Monday, October 26, 2009

Undoing Some Recent Supreme Court Damage

People’s motivations for their conduct can be complicated. It is rare that someone has just one reason for doing something. For example, I might decide to take a vacation to Florida in the winter because it is sunny, and also because I want to visit my relatives there. In other words, I have mixed motives.

The plaintiff in a case recently decided by the Supreme Court also had to deal with the problem of mixed motives. Jack Gross had been working for a company called FBL for more than thirty years, starting when he was in his 20's. In 2003, when he was 54 years old, FBL reassigned him to a position called “claims project coordinator,” and transferred many of the duties he had previously performed to his subordinate, a woman in her 40's.

Gross filed suit, alleging that he was demoted due to his age. FBL responded that it reassigned Gross as part of a corporate restructuring and that Gross’ new position was better suited to his skills. So what is a court to do if both reasons - illegal age discrimination AND a valid restructuring - played a part in FBL’s decision? The trial judge instructed the jury that if the forbidden reason had played any part in FBL's action, they must rule for Gross. The jury found in Gross’s favor and awarded him $ 46,945 in lost compensation.

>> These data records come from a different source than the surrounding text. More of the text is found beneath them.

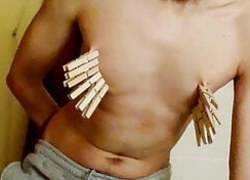 BDSM self CBT and nipple pain, in artistic Cracky style
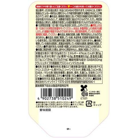 | 果糖ぶどう糖液糖(国内製造)、難消化性デキストリン、エリスリトール、果汁(りんご、シャインマスカット)、果糖、洋酒、こんにゃく粉、GABA/ゲル化剤(増粘多糖類)、酸味料、香料、乳酸Ca、甘味料(スクラロース)、ショ糖脂肪酸エステル |
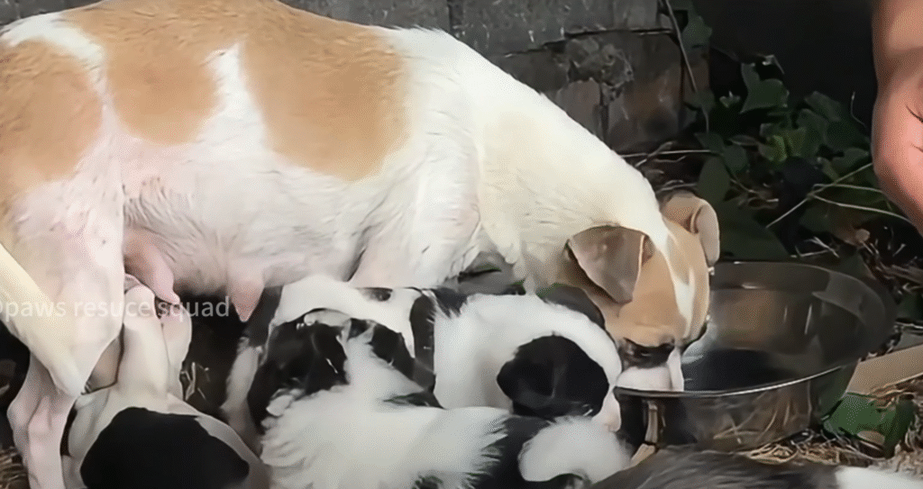 Her fur was matted with dirt, her ribs painfully visible beneath her thin skin. Every breath she took was labored, but her eyes — soft, deep, and full of exhausted love — never left her babies. Despite her frailty, she nuzzled them closer, letting them nurse even though her body had little left to give. This mother, later named Luna, had been surviving on nothing but scraps and rainwater. Yet she refused to abandon her pups. Every ounce of strength that remained in her was devoted to keeping them alive.
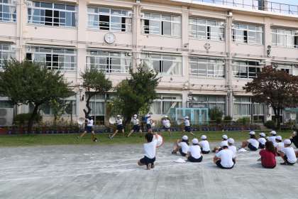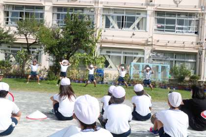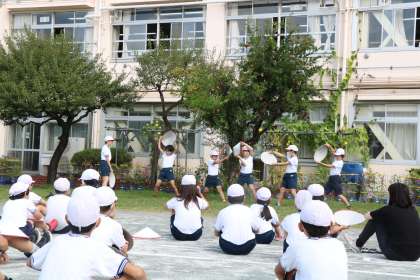 4年生体育、運動会の練習に様子です。昨日までの踊りを班ごとに練習して完璧にし、クラスの中で発表しています。
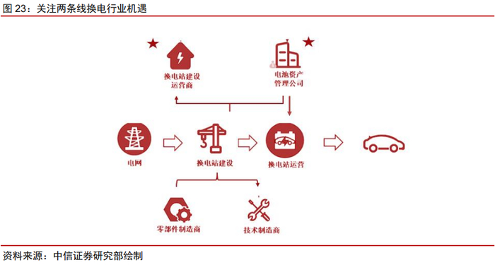 中游主要为换电站建设和运营商,负责换电站的搭建和运营,面向市场提供换电服务,对口B端相对C端更多;换电站的建设运营对资金需求量较大,对电池的投资、车位选址、布线改造和运营管理都有很强的要求,电池资产公司将由此成立,并与动力电池企业、融资租赁公司等形成合作,减轻资金压力。

Since 1967, with the passage of the Age Discrimination in Employment Act (“ADEA”), it has been illegal for employers to discriminate against their older employees (age 40 and above) on the basis of their age. Although the ADEA has many similarities with Title VII of the Civil Rights Act, it is not identical. Over the years, the differences have been the subject of much debate and many law suits.

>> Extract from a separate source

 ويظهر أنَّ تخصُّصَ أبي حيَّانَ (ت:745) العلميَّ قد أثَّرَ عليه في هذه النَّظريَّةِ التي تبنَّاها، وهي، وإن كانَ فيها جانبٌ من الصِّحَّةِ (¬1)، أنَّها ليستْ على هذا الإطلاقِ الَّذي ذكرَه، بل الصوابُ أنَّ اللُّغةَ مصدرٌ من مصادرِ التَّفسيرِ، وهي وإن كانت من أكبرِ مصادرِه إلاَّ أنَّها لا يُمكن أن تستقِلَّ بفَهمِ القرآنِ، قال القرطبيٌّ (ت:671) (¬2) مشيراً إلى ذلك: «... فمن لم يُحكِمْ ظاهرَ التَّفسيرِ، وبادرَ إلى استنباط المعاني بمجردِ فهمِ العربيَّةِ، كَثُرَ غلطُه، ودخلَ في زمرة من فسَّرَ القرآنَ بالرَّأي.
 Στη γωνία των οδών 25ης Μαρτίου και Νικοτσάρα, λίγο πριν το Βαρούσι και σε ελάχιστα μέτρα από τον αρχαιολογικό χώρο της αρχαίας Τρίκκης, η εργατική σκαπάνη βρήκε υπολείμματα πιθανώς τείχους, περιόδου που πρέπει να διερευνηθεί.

One of those differences involves how to deal with mixed motives. Under Title VII, if a plaintiff proves that his race, for example, was a “motivating factor” in an adverse action taken by his employer, he has established a claim. At that point, the burden of persuasion shifts to the employer to show that it would have taken the same action anyway. Thus, the Gross trial court's mixed motive instruction to the jury.

But when FBL appealed Gross’s verdict, the Court of Appeals held that the ADEA was different from Title VII. They held that under the ADEA, in order to win, Gross needed to prove not just that that age was “a motivating factor,” but that it was FBL’s “determining factor” in reassigning Gross and replacing him with his younger subordinate.

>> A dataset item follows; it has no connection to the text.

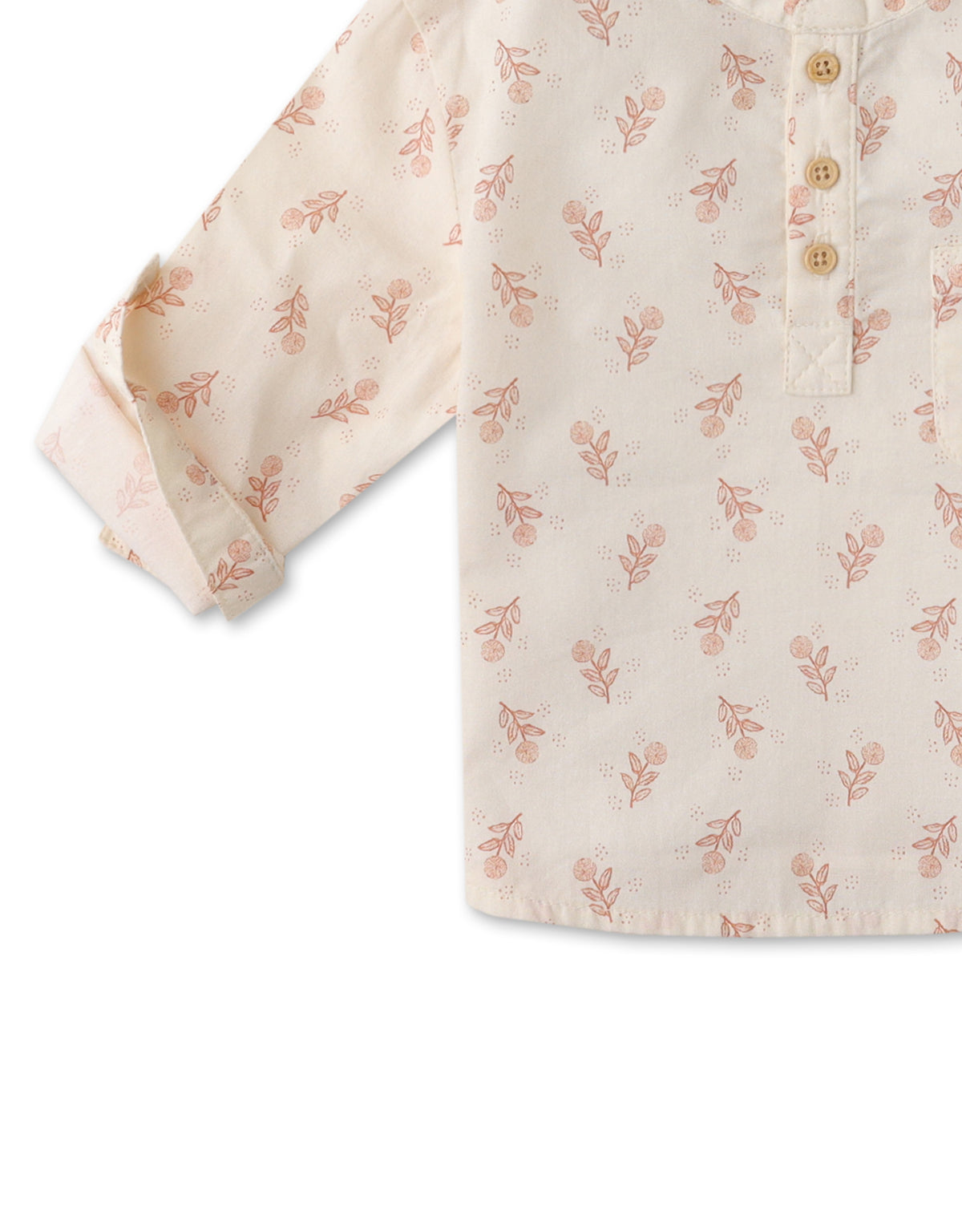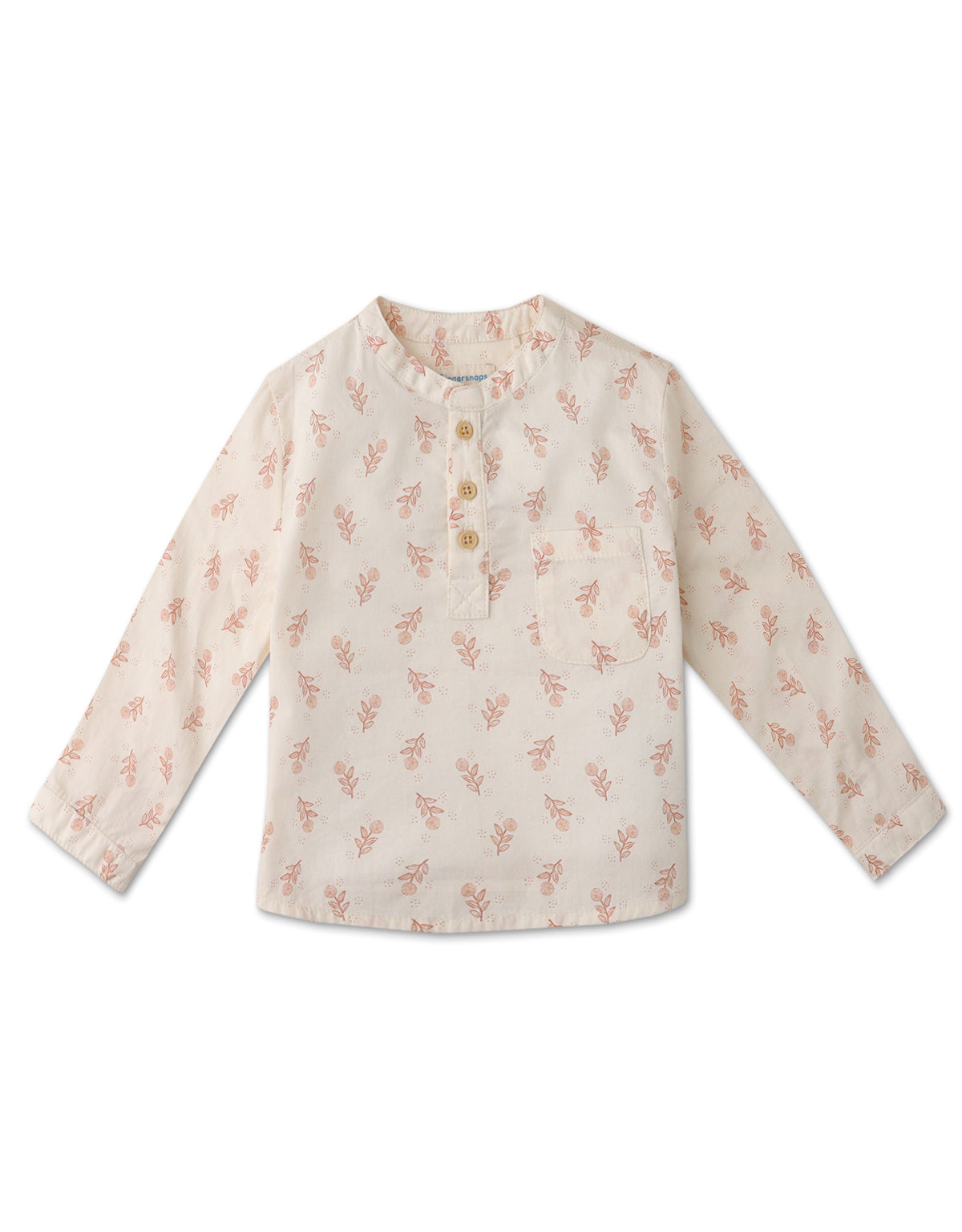 Play and explore in this poplin long-sleeved shirt, adorned with the cutest mandarin collar and a refreshing floral print!
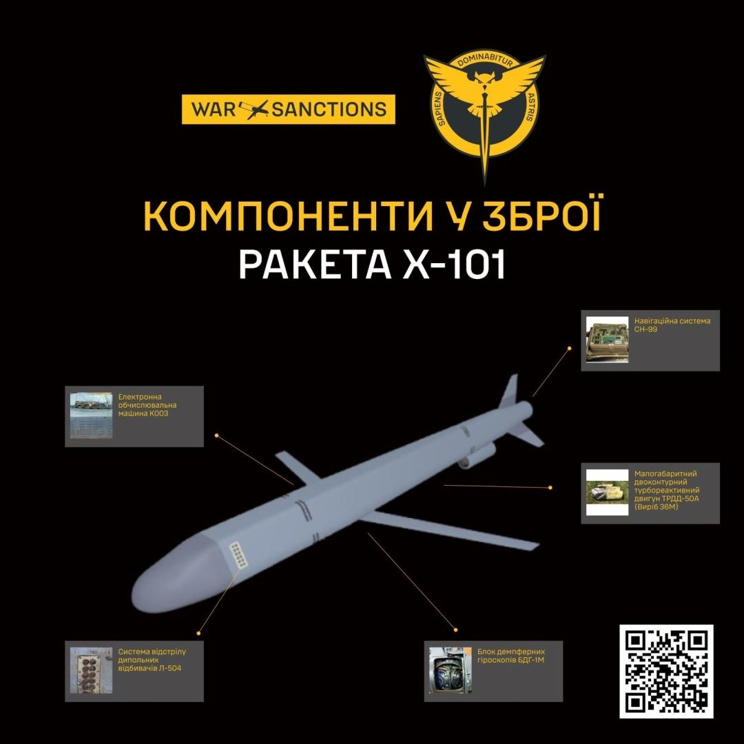 In the "Foreign Components in Weapons" section of the War & Sanctions portal, HUR presents the internal structure of the Kh-101 missile, including details on its main components and modules, as well as information on the enterprises involved in manufacturing the missile and its parts.

The Supreme Court agreed. In a 5-4 split, the Supreme Court held that a plaintiff bringing an ADEA claim must prove, by a preponderance of the evidence, that age was the "but-for" cause of the challenged adverse employment action. The burden of persuasion does not shift to the employer to show that it would have taken the action regardless of age, even when a plaintiff has produced some evidence that age was one motivating factor in that decision. See Gross v. FTL Financial Services.

Earlier this month, both houses of Congress introduced legislation intended to remedy the Supreme Court’s evisceration of the ADEA. See the House and Senate versions here.

As they did when the Supreme Court’s 5-4 conservative majority ruled against Lilly Ledbetter, Congress has now introduced legislation to overrule this decision. Introducing the House version, Rep. George Miller (D) of California’s 7th District noted:
The same conservative Supreme Court justices responsible for the backward ruling against Lilly Ledbetter have now thrown another legal barrier in front of hard-working older Americans. Workplace discrimination based on age is just as wrong as discrimination based on any other irrelevant factor -- and it should be treated as such in the court of law.
Interestingly, the House version has a retroactivity provision that would return things to the way they were before the Gross decision. A similar provision was included in the Ledbetter Act which was signed into law in January 2009.

Some commentators have noted that the acronym for the “Protecting Older Workers Against Discrimination Act” is POWADA. I like it.